Tuesday, 24 October 2017

On the association between perceived overqualification and adaptive behavior

an article by Chia-Huei Wu (London School of Economics and Political Science, UK), Amy Wei Tian and Aleksandra Luksyte (University of Western Australia, Crawley, Australia) and Christiane Spitzmueller (University of Houston, Texas, USA) published in Personnel Review Volume 46 Issue 2 (2017)

Abstract

Purpose
The purpose of this paper is to offer an autonomous motivation perspective to explore the relationship between perceived overqualification and adaptive work behavior and examine job autonomy as a factor that may moderate the association.

Design/methodology/approach
The hypotheses were tested in two culturally, demographically, and functionally diverse samples: sample 1 was based on North American community college employees (n=215); sample 2 was based on full-time workers, employed in a Chinese state-owned enterprise specializing in shipping (n=148).

Findings
In study 1, perceived overqualification was negatively related to self-rated adaptive behavior. A follow-up study 2 extended these findings by demonstrating that perceived overqualification was negatively related to supervisor-rated adaptive work behavior when job autonomy was low, rather than high.

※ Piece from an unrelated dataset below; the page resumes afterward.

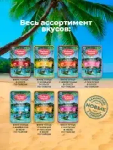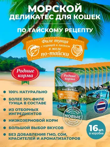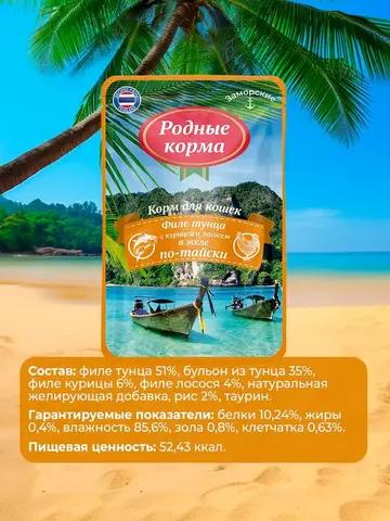Влажный корм для кошек паучи "Заморские"— это нежные кусочки филе тунца, курицы и лосося в аппетитном желе, приготовленные по традиционному тайскому рецепту. Ваш кот будет в восторге от этого неповторимого сочетания вкусов и ароматов!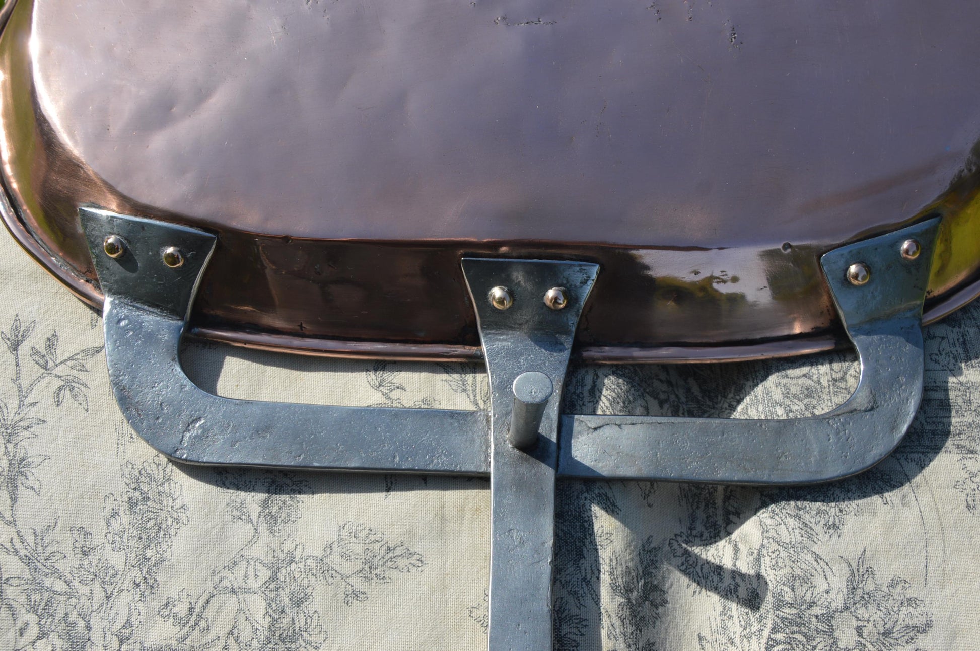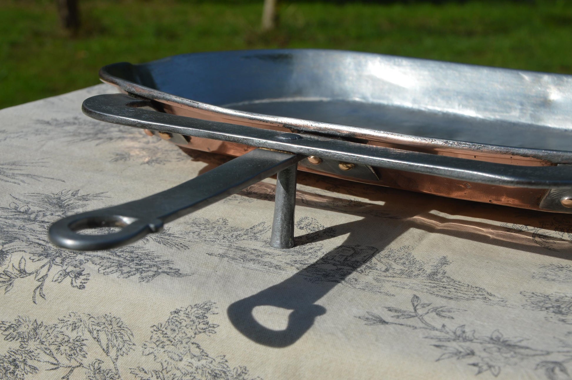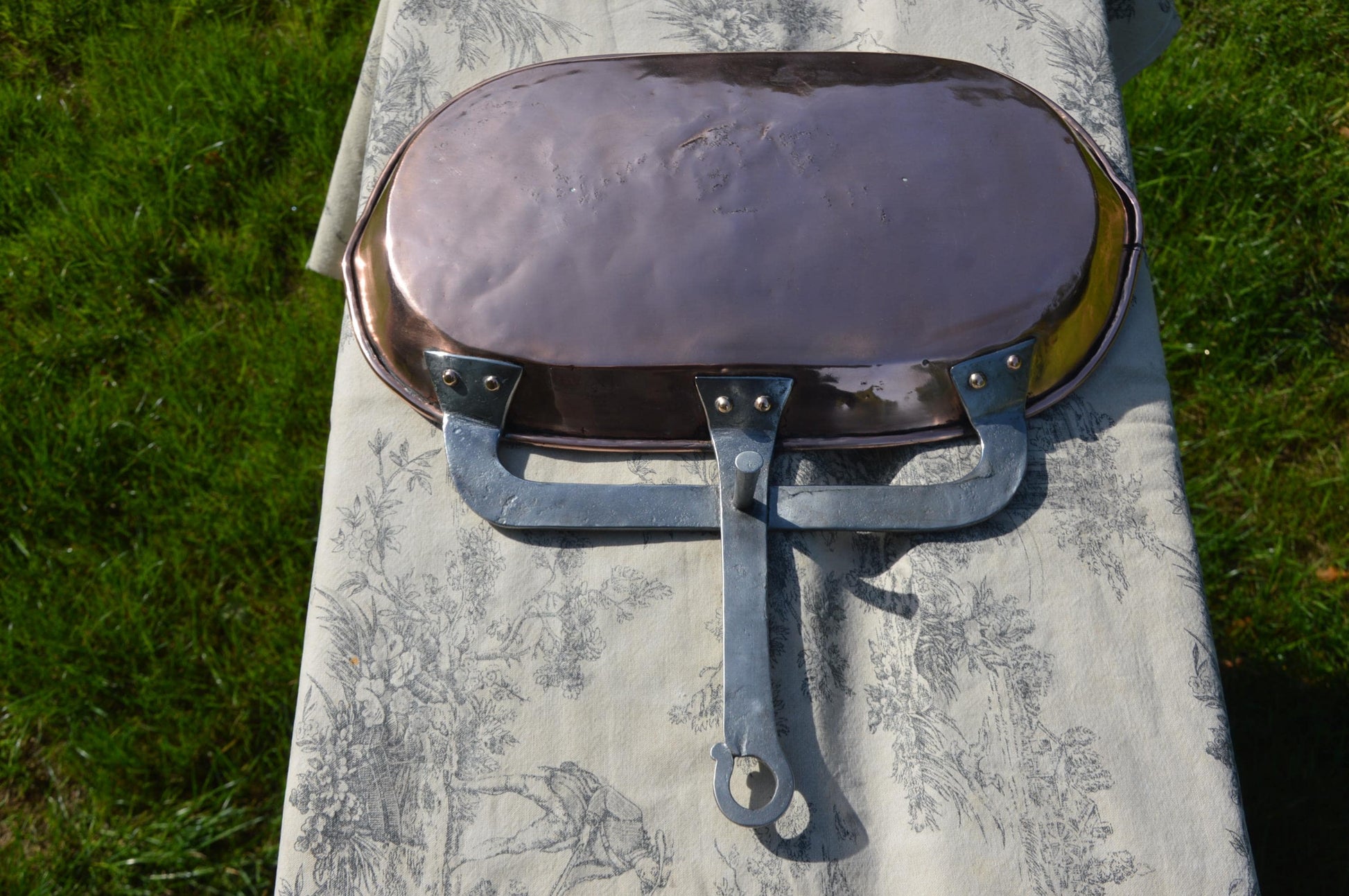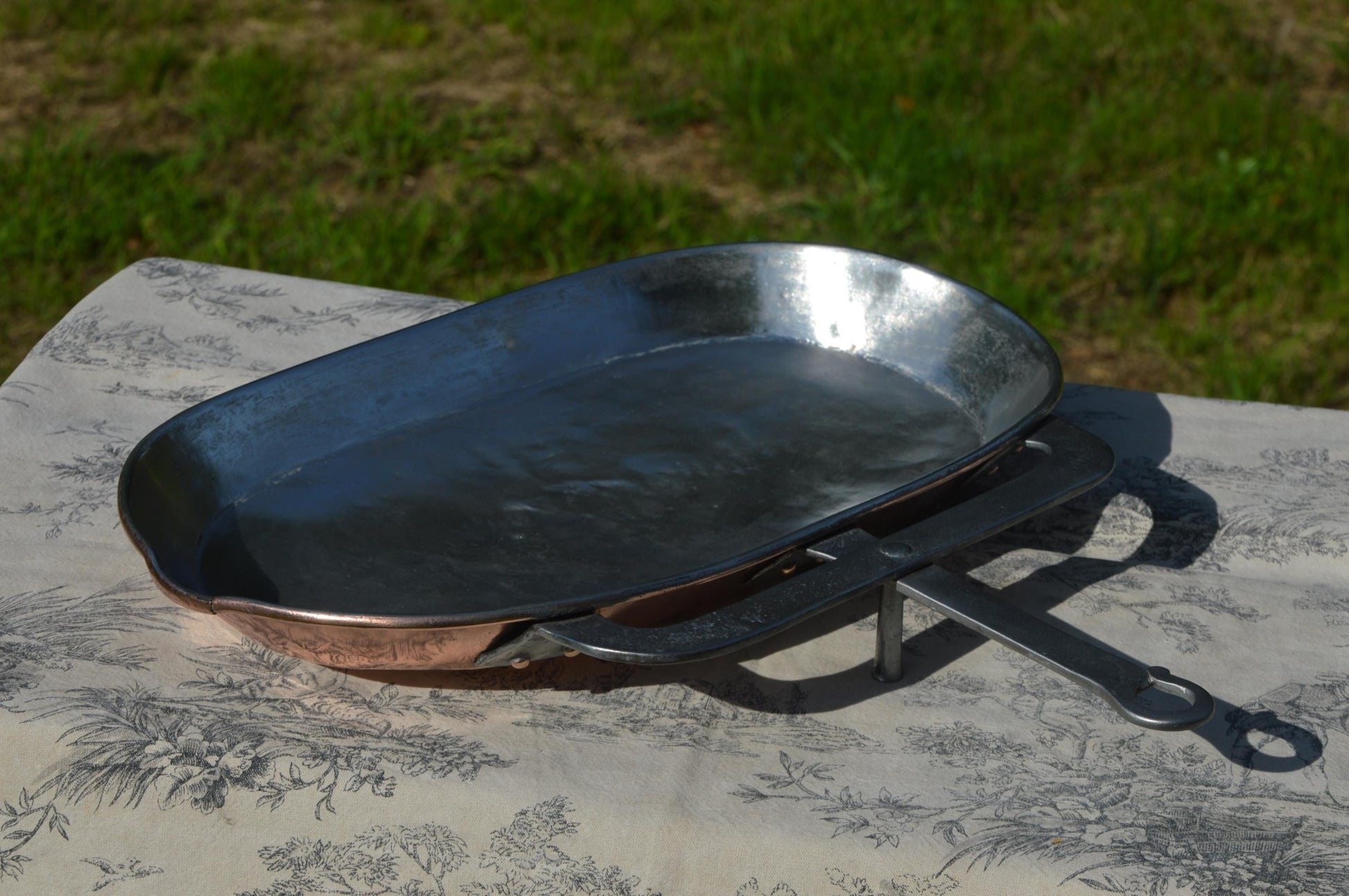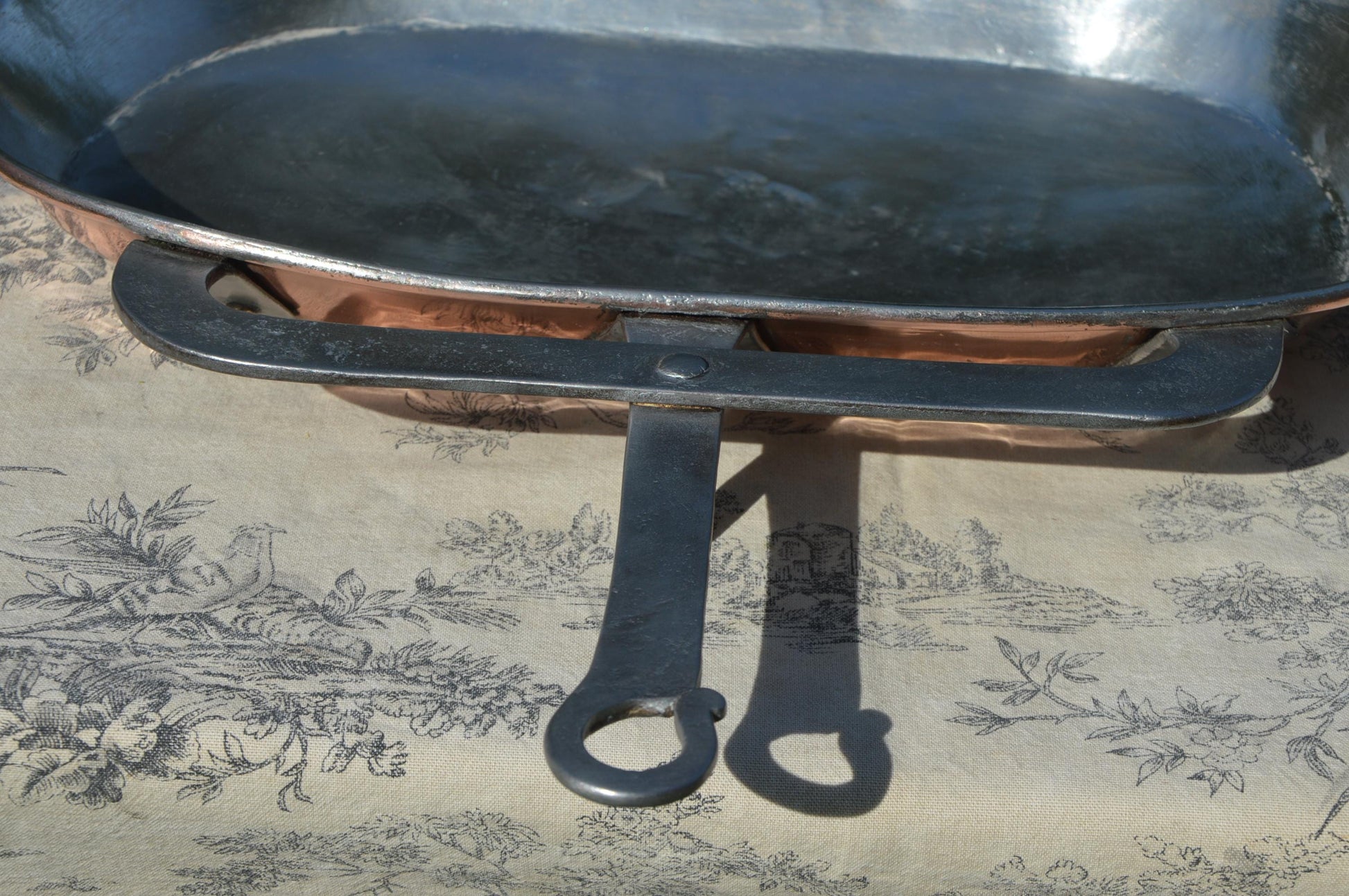 Antique Copper Lechefrite: Refurbished French Roasting Pan with Wrought Iron Handle

Research limitations/implications
The results of this research offer an autonomous motivation perspective to explain why perceived overqualification relates to adaptive behavior and suggests a job design approach to encourage adaptive behaviors of people who feel overqualified – a sizable segment of the current workforce.

Originality/value
This is one of the first studies to explore adaptive behavior of workers who feel overqualified – an outcome that has not been examined in this domain. The findings further point out what can be done to encourage adaptive behaviors among overqualified employees.